Вот тут оно и началось… КГБшная Наташа, разглядев во мне конкурента, стала по любому поводу, а чаще без повода, орать на меня самым наглым образом. Я, как сумел, объяснил ей, что,
1.работаю здесь бесплатно,
2.что она мне, слава Богу, не жена (жена, кстати, никогда не имела привычки повышать на меня голос), и,
3.я послал её по конкретному адресу, в выражениях, которыми привык общаться с пьяными сезонными  рабочими. Наташа удивилась и сменила тактику. Разговаривала она со мной с тех пор в пол тона, строго на « вы», и только по делу.
             А тем временем начальство, всё более убеждаясь в моей профпригодноси, стало поручать мне работу посложнее мытья клеток и замены в них опилок. В частности, я определял количество и пол новорожденных зверьков, отсаживал подросший молодняк от взрослых самок, проводил селекцию крыс в соответствии с требованиями руководства в лице Наташи.
В питомнике было несколько помещений, где содержались лабораторные животное. В одном из них нужно было работать особенно тщательно, так как там выводилась линия крыс, чувствительных к изучаемому заболеванию. В один прекрасный день, когда вопрос о моём приёме на работу был практически решён и оставалось уладить только некоторые бюрократические мелочи, я получил задание. Нужно было пересчитать отсадить молодняк в одной из комнат. Без задних мыслей я отправился туда и, часа через полтора рассадил зверьков по клеткам, в соответствии с их полом указав на этикетках пол и количество.

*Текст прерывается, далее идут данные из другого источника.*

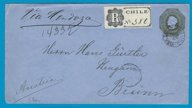 CHILE Registered postal envelope 1894 Viña del Mar to Austria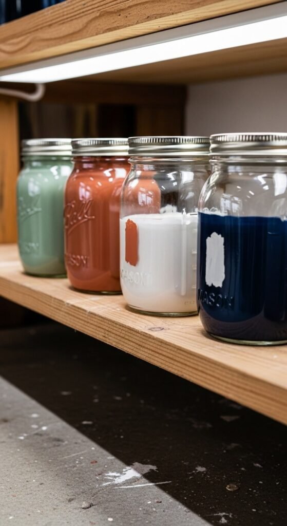 Pour leftover wall paint into mason jars for easy touch-up storage. Paint the lid with the color inside so you can identify it at a glance. Wide-mouth pint jars are ideal for small amounts. Seal tightly and store in a cool, dry spot. This beats dealing with half-open paint cans that dry out and spill. Label each jar with the room it belongs to. A permanent marker on the lid works perfectly.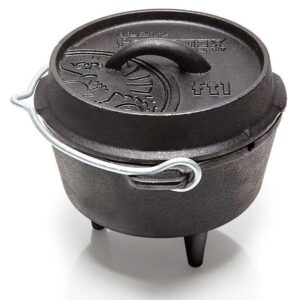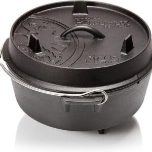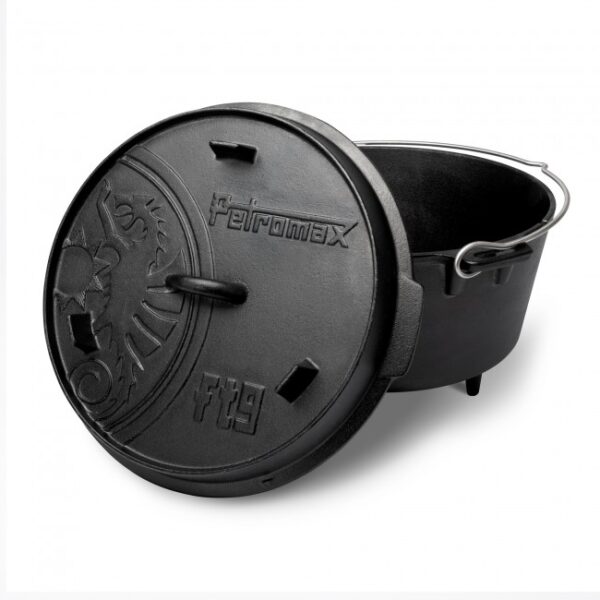 Petromax Dutch Oven ft6. Voedsel smaakt op de een of andere manier veel lekkerder wanneer het in een gietijzeren Dutch Oven is bereid. Of dat nou hangend boven een kampvuur is, of liggend tussen gloeiend houtskool, of in de keuken gebeurt. Op het deksel kunnen hete houtskoolbriketten gelegd worden, maar het deksel kan ook op zichzelf gebruikt worden. Er zitten steuntjes op die ook dienst doen wanneer u twee of meer dutch ovens wilt stapelen. Reeds voorbehandeld, dus kan direct gebruikt worden. Inhoud 9qt. = ca. 10 L.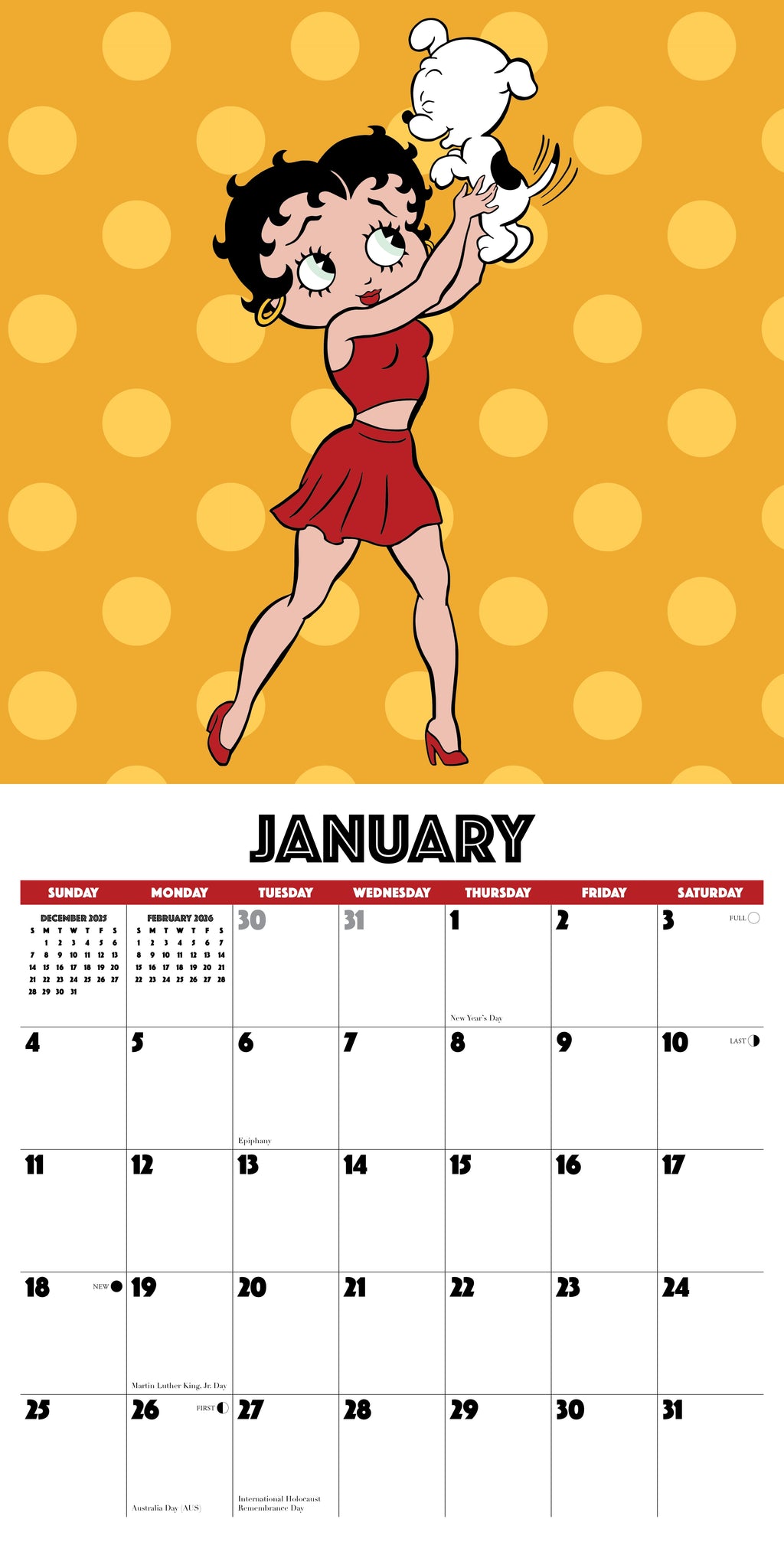 • THE PERFECT GIFT – Give the carefree joy of the 1920s with the 2026 Betty Boop 12” x 12” Wall Calendar. It’s the perfect gift for fans of the feisty flapper who became an animated icon. .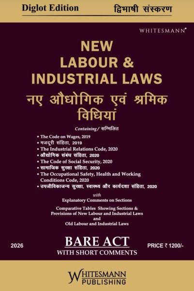 This diglot edition presents India’s new labour and industrial law framework through a consolidated bare act format with short explanatory comments. It brings together the four labour codes—Wages, Industrial Relations, Social Security, and Occupational Safety, Health and Working Conditions—offering an updated statutory reference for understanding the restructured labour regime. The bilingual presentation ensures clarity and accessibility while reflecting the current legislative position as applicable across sectors.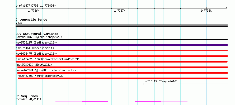 Variant DetailsVariant: esv3615402| Internal ID | 7002291 | | Landmark | | | Location Information | | | Cytoband | 7q35 | | Allele length | | Assembly | Allele length | | hg38 | 2448 | | hg19 | 2448 |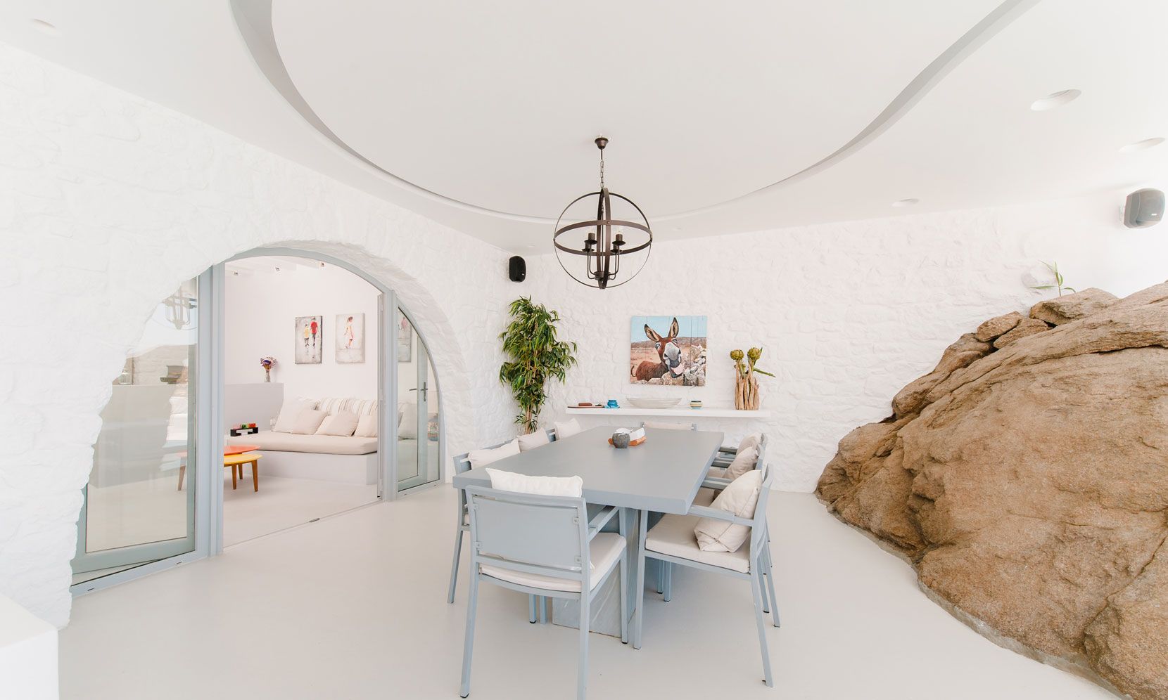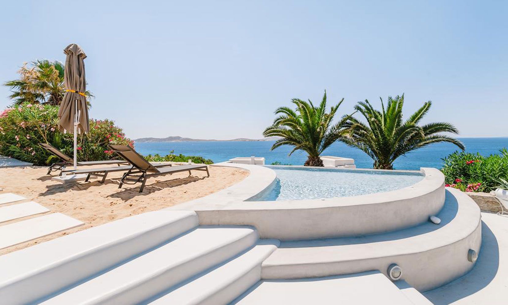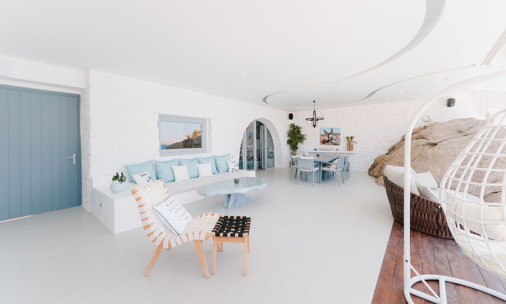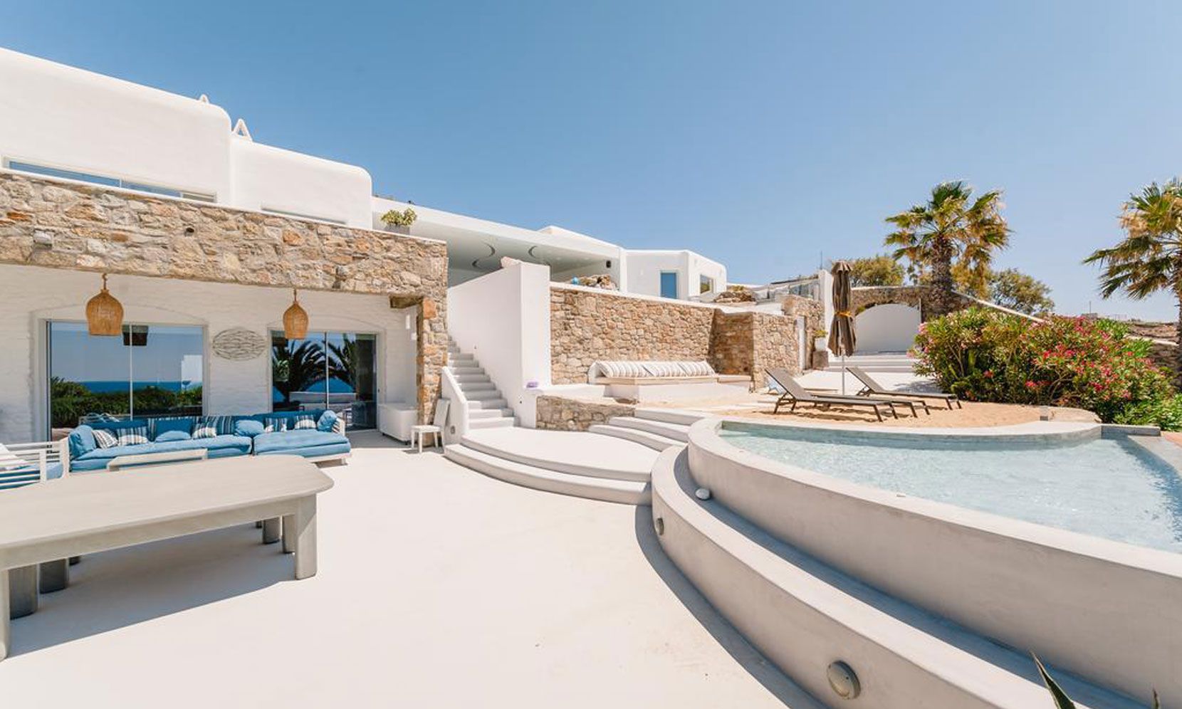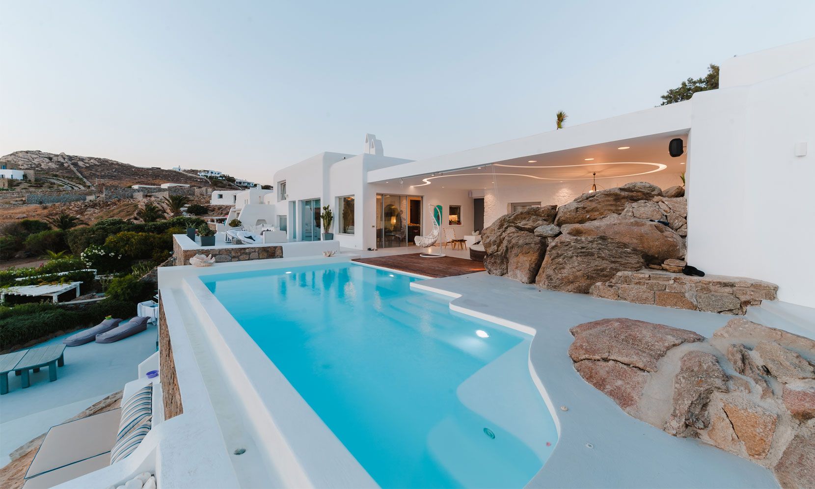 The interior villa, dressed in white and combining contemporary design with art and lux, is a cross-section of traditional and modern Cycladic architecture. All its indoor areas, overlooking the pool and the sea, are decorated in highest of standards with elegant furniture.

- Теперь сделайте то же самое во второй комнате, - получил я указание от заведующей крысятником. Это была комната, где содержались чувствительные к заболеванию крысы.
              Я перешёл в следующее помещение, а Наталья зашла в комнату, где до этого работал я. Через пол часа я был вызван к месту прежней деятельности и услышал,
- Мало того, что вы не умеете определять пол, вы ещё и считать не умеете!
Это было сказано специалисту с 25 летним опытом работы, который делал дипломную по морфологии и физиологии грызунов, вскрыл не одну тысячу песчанок и сурков и мог определить пол эмбриона домовой мыши (биологи меня поймут)!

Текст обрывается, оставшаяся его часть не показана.